Clinical utility of the demonstrator

To demonstrate practical application of the algorithm, we developed a webtool https://demo-dynamic-tte.herokuapp.com to illustrate its potential utility in the clinic (Fig. 4). Two cases with complete histories are used for illustration. Case A represents a man with favourable features at AS entry for whom an event (CPG3 + ) did not occur (Fig. 4). The longer he remains stable throughout AS (Historic risk tab) his cluster assignment drops by a tier (Supplementary Fig. 6). The Cluster space tab illustrates this stable trajectory over time and down-ward movement through the clusters (Supplementary Fig. 7). Any new observations during follow-up will consider this long stable history as well as new readings to predict the risk of future progression which in this case would remain low (New observation tab, Supplementary Fig. 8). Based on this stability, this individual’s follow-up intervals could be reduced and less intensive. We can also model how this trajectory might have been different without this long stable history (Supplementary Fig. 9). As an example, if a new MRI had shown a change in the tumour (PRECISE 4) and a repeat biopsy showed an upgrade to Grade Group 2, his predicted risk of progression to CPG3 + increases to 6% by 3 years and 20% by 10 years (Supplementary Fig. 9). The effect of such changes during AS on outcome is further illustrated in a case where an event has occurred. Case B is an individual with higher risk features at the start of AS (CPG2 at entry and high PSA density). He progressed to CPG3 + on day 3092 (Supplementary Fig. 10). The Historic risk tab shows how at each clinic visit his risk was estimated and as repeat observations did not reduce his risk, he remained in cluster 4 throughout and eventually progressed to an event (Supplementary Fig. 11). In the Cluster space tab, it can be seen that he never moved away from the highest risk cluster throughout his AS. In contrast to the previous case, this individual warrant closer follow-up to ensure the progression was detected promptly.
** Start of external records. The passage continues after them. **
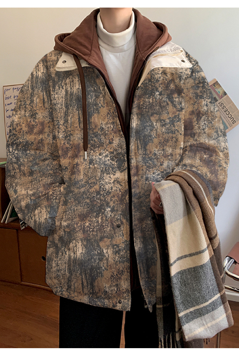 茶色の暗い花の傷跡の綿麻の布地は色を炒めて洗って古いスーツのコートをします。
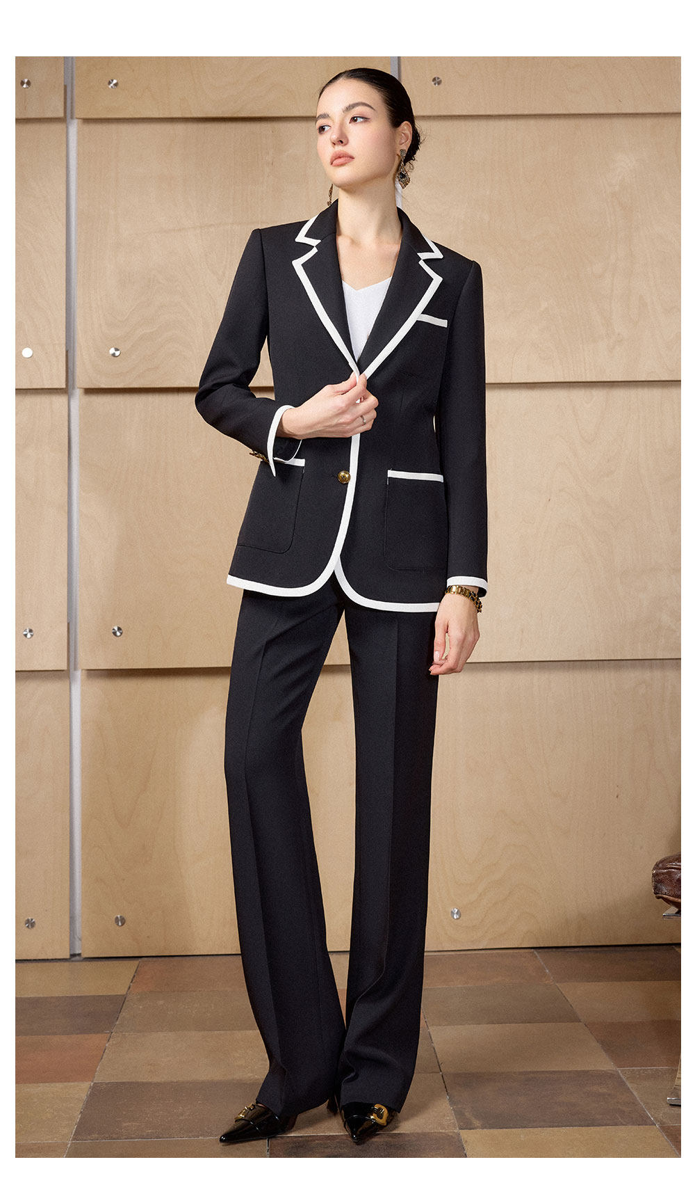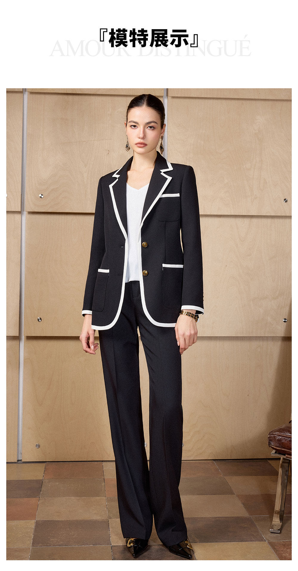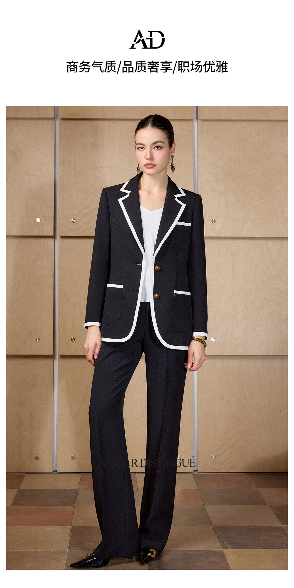 AD老钱风黑色撞色包边西装套装女春秋2026新款高级感巨好看一整套
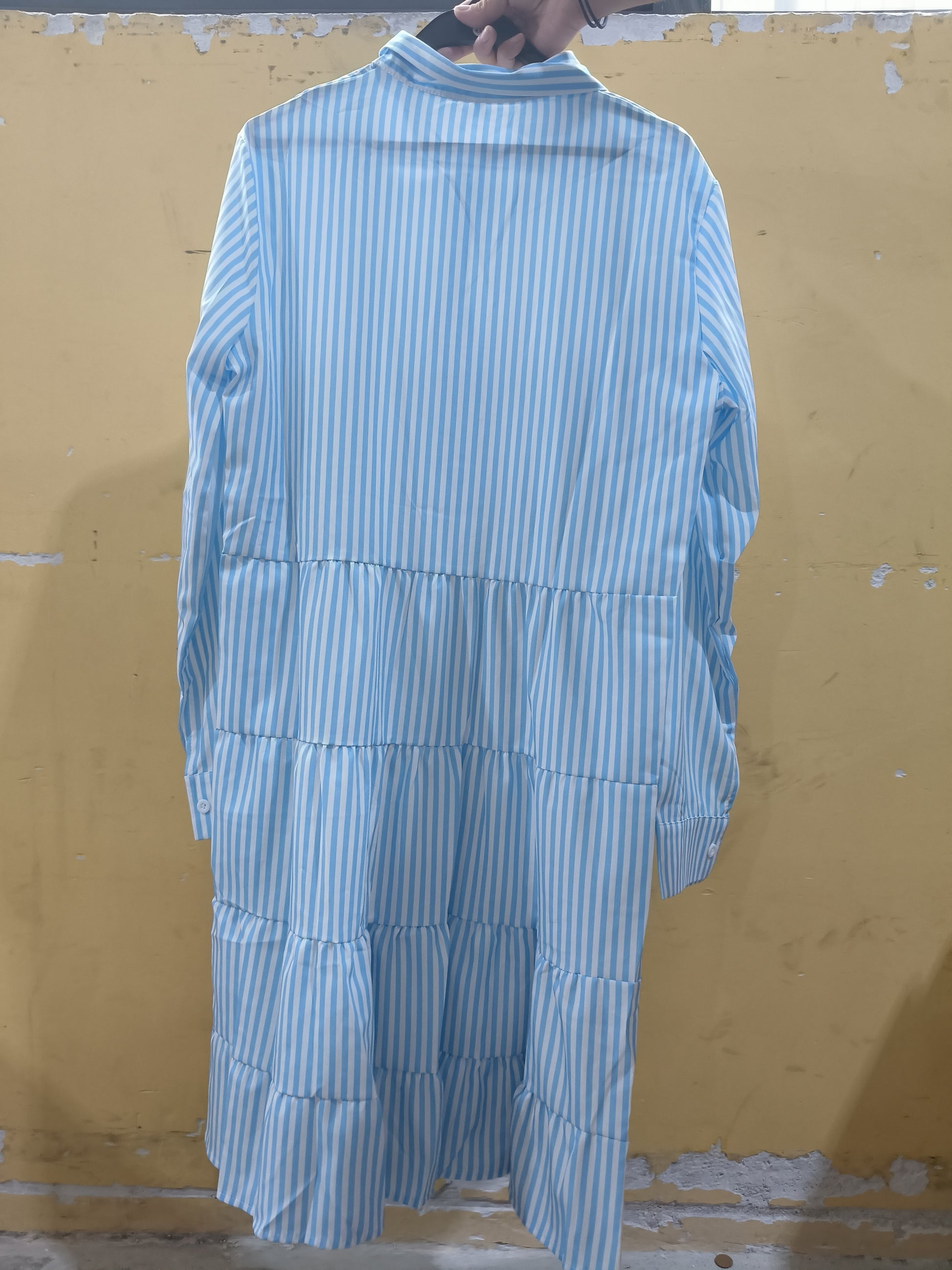 Ins Striped Long-sleeved Shirt Dress Fashion Lapel Button Dresses For Women
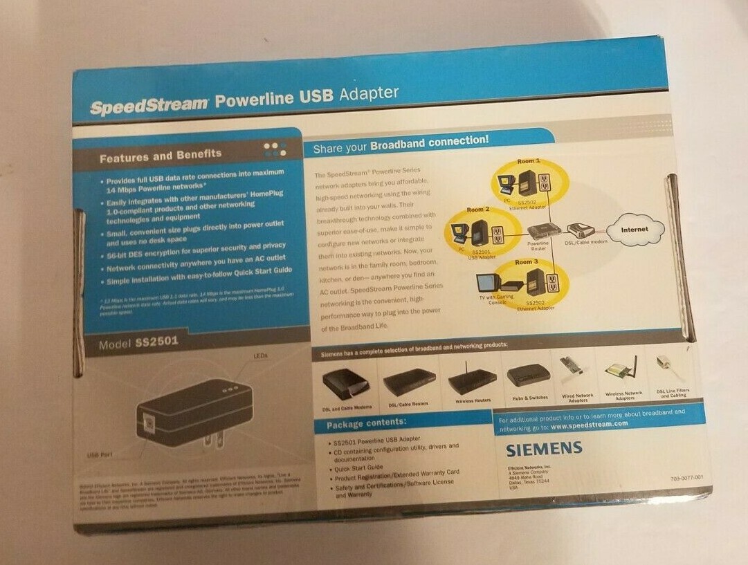 Siemens SS2501 SpeedStream Powerline USB Network Adapter
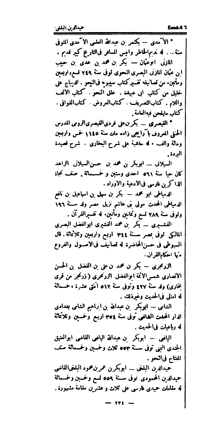 حميد الدَّين البلخى - أَبُو بكر بن عمر بن مَحْمُود البلخى القاضى حميد الدَّين المحمودى توفى سنة 559 تسع وَخمسين وَخَمْسمِائة لَهُ مقامات حميدي فَارسي على ثَلَاث وَعشْرين مقامة مَشْهُورَة.

**Fig. 4: Representative image from a demonstration interface of how the DDHL and AC-TPC algorithms would work in practice.**

Discussion

To date, methods for predicting future progression in active surveillance have largely been estimated using baseline characteristics over a fixed time horizon. Here, we show that continuously collected longitudinal follow-up data can be used to inform and modify predicted trajectories of disease behaviour. In the area of AS for early prostate cancer, being able to use new real-time data as it is collected may allow tailoring of follow-up intervals, highlight a possible more aggressive trajectory, or conversely reassure about disease stability. This is particularly important in a disease which can be unpredictable and that often co-exists with other competing mortality risks in an ageing male demographic⁸.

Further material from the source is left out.